I haven’t been back to my hometown of Hampton, GA since my mom died 13 years ago.
There wasn’t much reason to. At that point, everyone in my family had moved away or died, so afterwards, I cleaned out my childhood home, sold it, and left it in the rearview mirror — the way you do when grief and logistics overlap and you just need it to be done.
But last weekend, my daughter had a defensive driving course nearby, and I had a few hours to kill. On a whim, I went back into town. And then, on another whim, I pulled up to the home of my mother’s best friend.
Aside from being my mother’s best friend and my third-grade teacher, she was one of those people who had been woven into the fabric of my life since my family moved to Hampton when I was in kindergarten. My dad was the only doctor in town, which meant our family was never really strangers to anyone. She was no exception.

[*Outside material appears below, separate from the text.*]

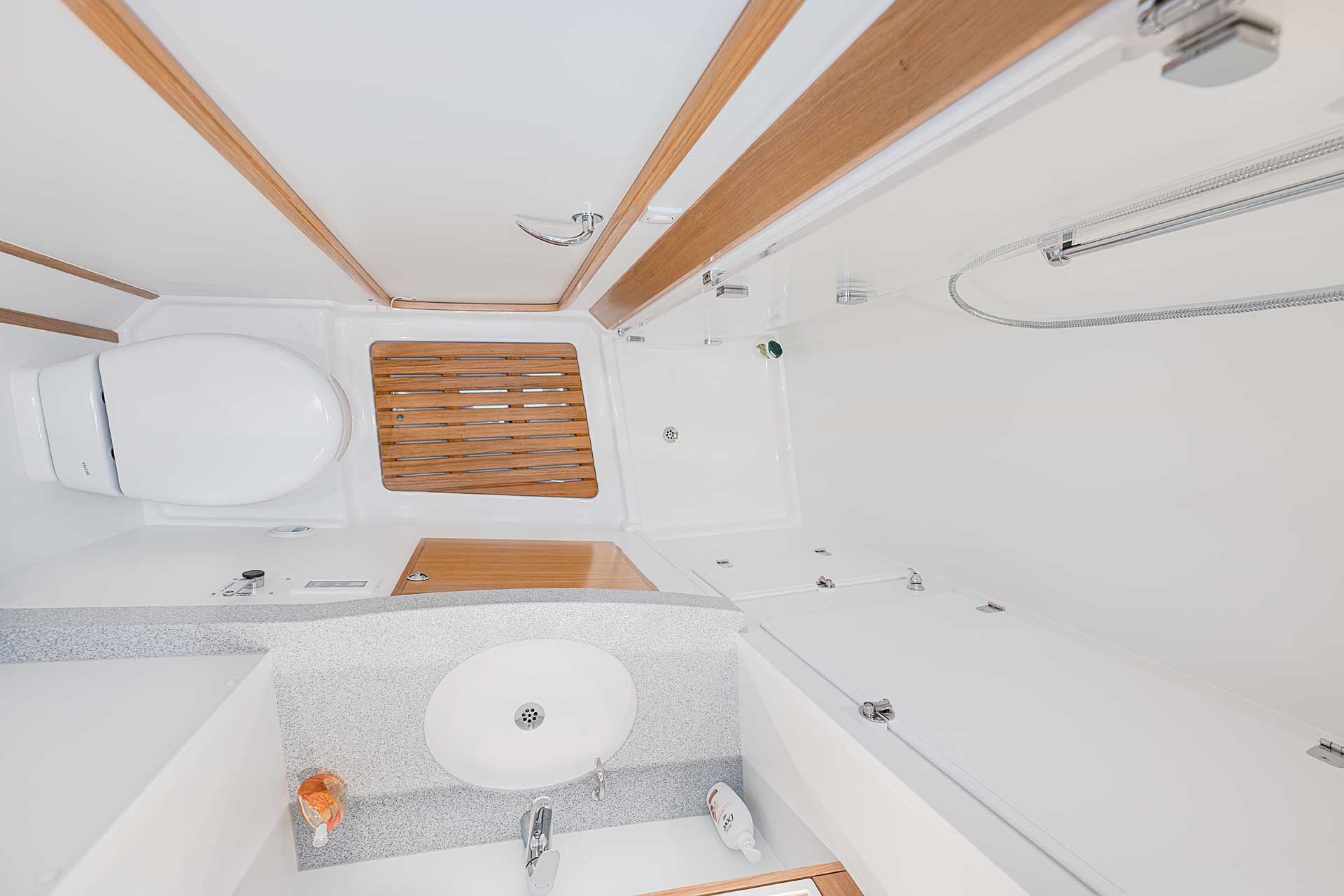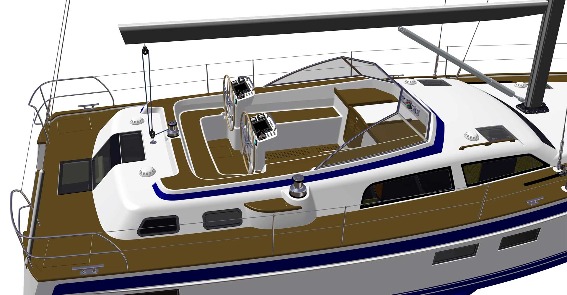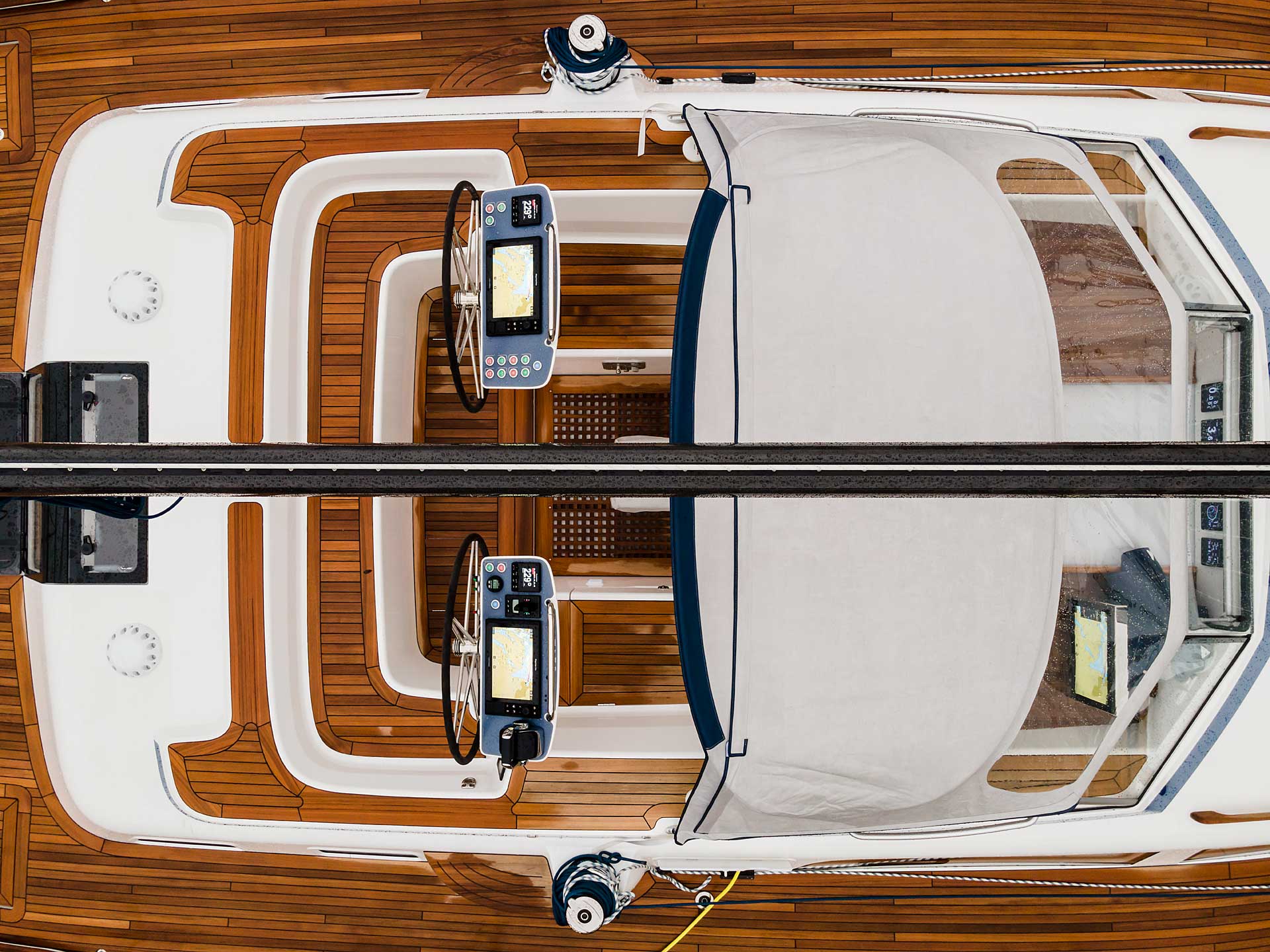 The steering system has twin rudders, superior both in terms of control when sailing, as well as pleasant vibration free motoring and also from a safety perspective.
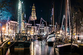 Auch im Winter lohnt sich eine Entdeckungstour, um den Charme der Stadt zu genießen. Von den historischen Schiffen der WinterWelVaart (13. - 15. Dezember 2024, Foto unten: © Niels Knelis Meijer) über die bezaubernde Poetry by Night (Dez.-Jan.) bis hin zum Musikspektakel Eurosonic Noorderslag (15. - 18. Januar 2025). Dank der größten Christbaumkugel der Welt (DOT Groningen) und Groningens gemütlichster Leuchtstraßen sind die Winternächte alles andere als kühl und kalt.

I showed up at her front door unannounced, the way people used to do. In a world where we now text before we call and calendar before we drop by, I felt slightly guilty about it. She didn’t mind at all.
We sat down and did something people don’t really do anymore: we visited. We talked like no time had passed, and somewhere in the middle of it, she started telling me stories about my parents that I had never heard. My father has been gone for over 30 years. The fact that she could remember anything was already a gift. But these weren’t just memories. They were glimpses into my parents’ lives, their marriage, my dad’s work as a doctor — things I hadn’t thought about in years. Things no one else would have known to tell me.
It filled my bucket in a way I didn’t see coming. And it reminded me of something I experience constantly in this work.
When someone dies, people get nervous about bringing them up. They worry it’ll cause pain or remind you of what you’ve lost. But the people left behind are already aware of the void. They don’t need to be protected from it. What they actually want is for their person to still be part of the conversation.
Clients often ask me about ways to preserve the stories of the people they’ve lost. Sometimes the simplest path is the oldest one: find someone who knew them, and ask.
Call your mom’s college roommate. Stop by your grandmother’s neighbor. Track down the colleague your dad mentioned for thirty years. They’re carrying stories you haven’t heard yet.
You don’t need a platform. You just need to show up at the door.